No feedback was provided for this bug for over a month, so it is
being suspended automatically. If you are able to provide the
information that was originally requested, please do so and change
the status of the bug back to "Open".

Bad Japanese character determination

Attachment: JPchar-bad-dertermination.JPG (image/jpeg, text), 40.54 KiB.

The attached snapshot is under the following environment settings,

Server version          5.0.20-Debian_1-log
Protocol version        10
Connection              Localhost via UNIX socket
UNIX socket             /var/run/mysqld/mysqld.sock

my.cnf:
[client]
default-character-set = utf8
[mysqld]
default-character-set = utf8
[mysql]
default-character-set = utf8

collation utf8_general_ci works for the Japanese characters

Attachment: working_collation.JPG (image/jpeg, text), 39.66 KiB.

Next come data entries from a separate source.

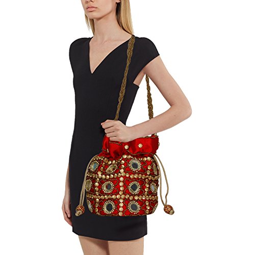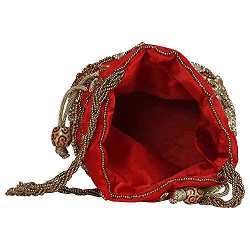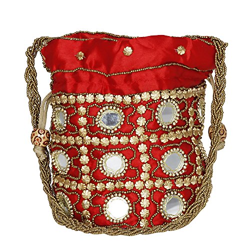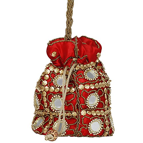 The Stylish Potli will definitely make you look trendy. The design of closing is unique. It has enough space to keep things organized. FEATURES: - Light Weight Traditional Potli Bag Unique Pattern Birthday Gift for all ages Hand Crafted Wedding Potli, Ethnic Potli, Match With All Dresses, Elegant Look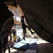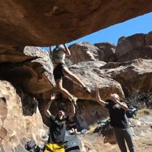 Blue Lizard Climbing and Yoga Hueco Tanks guiding on February 26, 2022, with Emily, Kevin, Mel, Tyre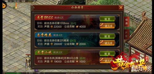 勇士每天都可以在主城安全区悬赏使者处领取公会悬赏任务,悬赏任务有三大类,分别是悬赏Boss,悬赏精英,悬赏小妖。任务的内容和奖励也是成正比的,详情请看图2: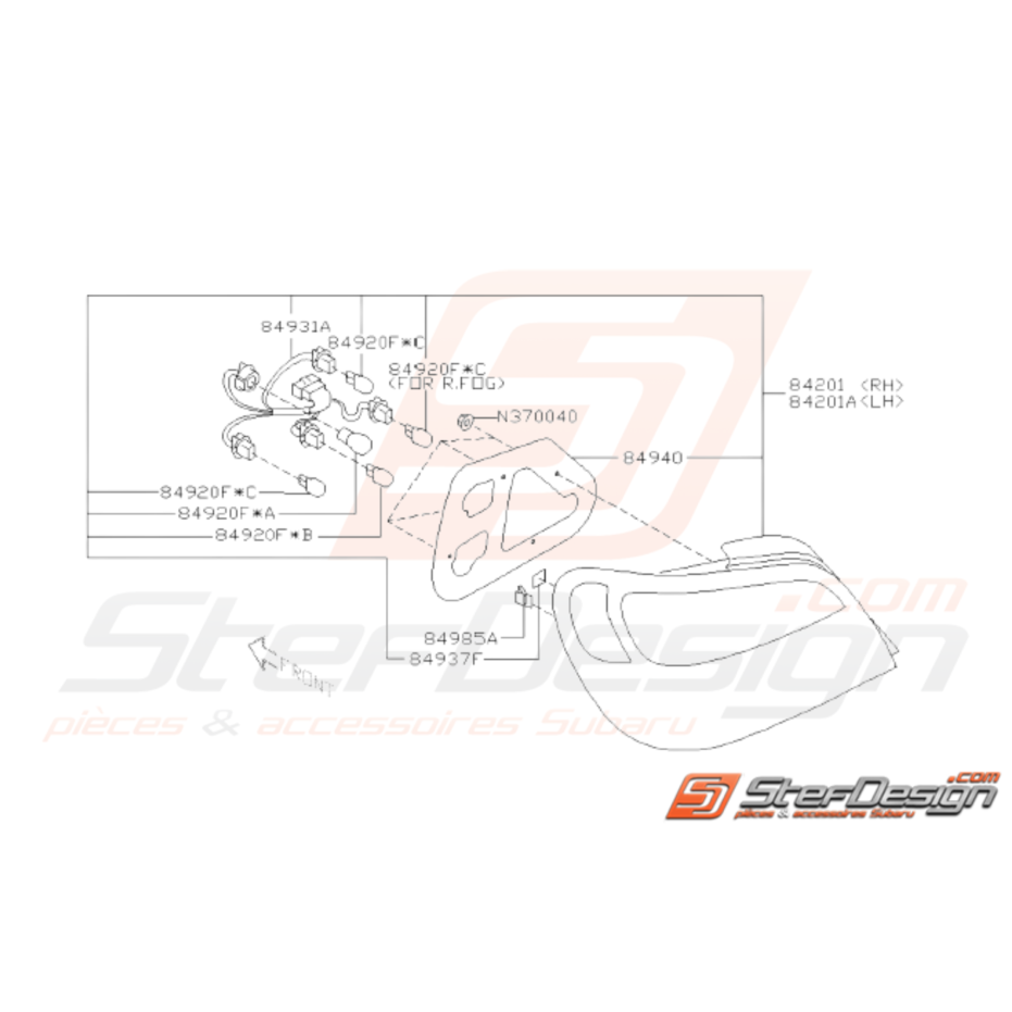 Schéma de l'ensemble des pièces de Feu Arrière Origine Subaru WRX STI de 2001 à 2002.
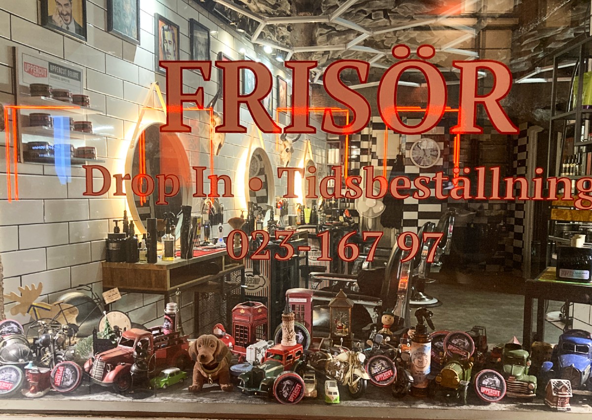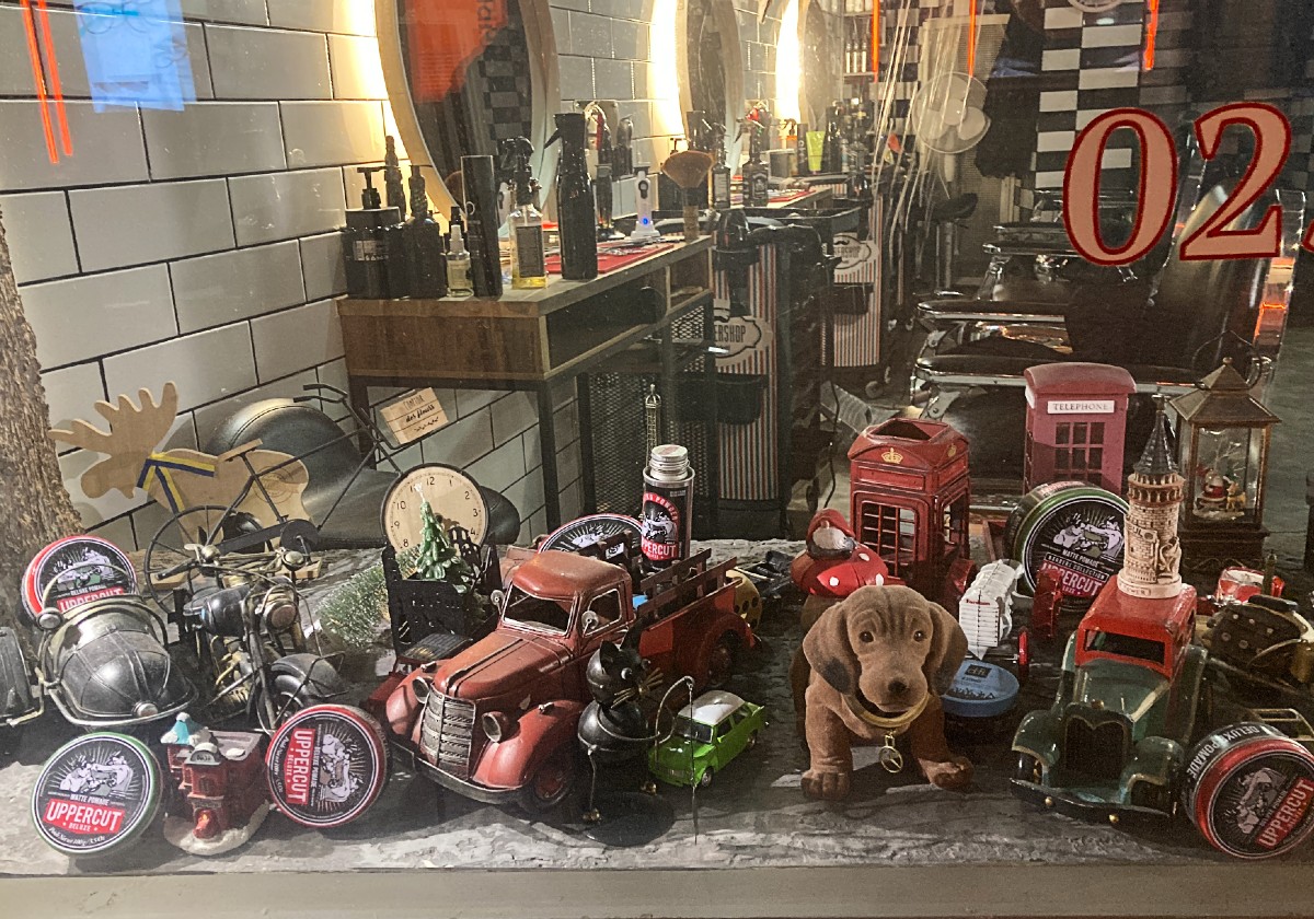 visar jag mitt favorit-skyltfönster i stan! Jag har velat fota det åtskilliga gånger men det har alltid suttit kunder i frisörstolarna men denna tidiga morgon var det ännu stängt och jag fick fota utan att störa!

I've got a nice hint from one of our key developer, and would like to explain you this problem. You are talking about two characters:

HIRAGANA LETTER KA (Unicode U+304B)
HIRAGANA LETTER GA (Unicode U+304C)

These are the voiced/unvoiced components of the same letter pair, that's why they look almost the same.

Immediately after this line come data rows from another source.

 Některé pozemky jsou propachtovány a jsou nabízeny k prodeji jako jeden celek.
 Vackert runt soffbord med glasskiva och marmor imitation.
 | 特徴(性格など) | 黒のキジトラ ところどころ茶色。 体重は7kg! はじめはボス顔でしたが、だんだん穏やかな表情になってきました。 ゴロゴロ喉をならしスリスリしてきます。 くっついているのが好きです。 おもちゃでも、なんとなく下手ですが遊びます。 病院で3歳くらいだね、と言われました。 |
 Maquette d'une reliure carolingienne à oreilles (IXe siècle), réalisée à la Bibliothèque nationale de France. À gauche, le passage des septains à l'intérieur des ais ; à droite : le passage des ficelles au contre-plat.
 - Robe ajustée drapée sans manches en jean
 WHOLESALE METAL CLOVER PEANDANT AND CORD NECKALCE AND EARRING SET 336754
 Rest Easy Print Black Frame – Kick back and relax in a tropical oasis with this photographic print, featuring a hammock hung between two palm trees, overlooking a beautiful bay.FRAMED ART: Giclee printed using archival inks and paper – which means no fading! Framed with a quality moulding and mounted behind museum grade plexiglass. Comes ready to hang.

When you says "'\が' and 'か' are not determined by COLLATION utf8_unicode_ci", the meaning is: 'が' and 'か' are not distinguished, that is, they appear to be equal, when I use COLLATION utf8_unicode_ci" --
similar to the fact that 'A' and 'a' are not distinguished
in a case-insensitive collation for latin1.

Looking at the "Unicode Collation Algorithm" table 4.0.0, http://www.unicode.org/Public/UCA/4.0.0/allkeys-4.0.0.txt we find that HIRAGANA LETTER KA and HIRAGANA LETTER GA both have the same primary weight: 1E57. Following that, we must say that the characters are equal for searches.

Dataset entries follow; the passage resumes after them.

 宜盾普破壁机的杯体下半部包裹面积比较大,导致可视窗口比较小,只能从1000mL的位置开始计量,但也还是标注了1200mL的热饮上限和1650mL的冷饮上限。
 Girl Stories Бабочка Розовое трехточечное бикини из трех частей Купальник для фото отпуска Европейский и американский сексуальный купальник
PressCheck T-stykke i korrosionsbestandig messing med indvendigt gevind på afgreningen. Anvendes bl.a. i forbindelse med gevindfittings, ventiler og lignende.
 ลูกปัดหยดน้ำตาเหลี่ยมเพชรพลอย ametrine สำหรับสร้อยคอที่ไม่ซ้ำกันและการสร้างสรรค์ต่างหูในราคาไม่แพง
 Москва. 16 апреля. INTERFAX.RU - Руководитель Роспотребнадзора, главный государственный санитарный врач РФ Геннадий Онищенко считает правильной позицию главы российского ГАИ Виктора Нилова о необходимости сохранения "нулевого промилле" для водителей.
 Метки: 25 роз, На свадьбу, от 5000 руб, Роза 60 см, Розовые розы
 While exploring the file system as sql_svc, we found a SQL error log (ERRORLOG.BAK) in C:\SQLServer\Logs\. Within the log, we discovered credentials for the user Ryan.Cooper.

Please, read the manual (http://dev.mysql.com/doc/refman/5.0/en/charset-unicode-sets.html):

"MySQL implements the utf8_unicode_ci collation according to the Unicode Collation Algorithm (UCA) described at http://www.unicode.org/reports/tr10/. The collation uses the version-4.0.0 UCA weight keys:
http://www.unicode.org/Public/UCA/4.0.0/allkeys-4.0.0.txt."

You'll find the same thing for the next Hiragana letters in the chart, KI and GI (i.e. 304d = 304d), and so on.

We realize that people want different Japanese collation. They could get it with utf8_general_ci or with CONVERT(... to sjis), but admittedly those are usually bad solutions.

Plans exist for a new Japanese standard collation (work in progress).

So, it is not a bug, but a documented behaviour.

Well done Mr. Valeriy Kravchuk, but then I still have to go back to utf8_general_ci for now.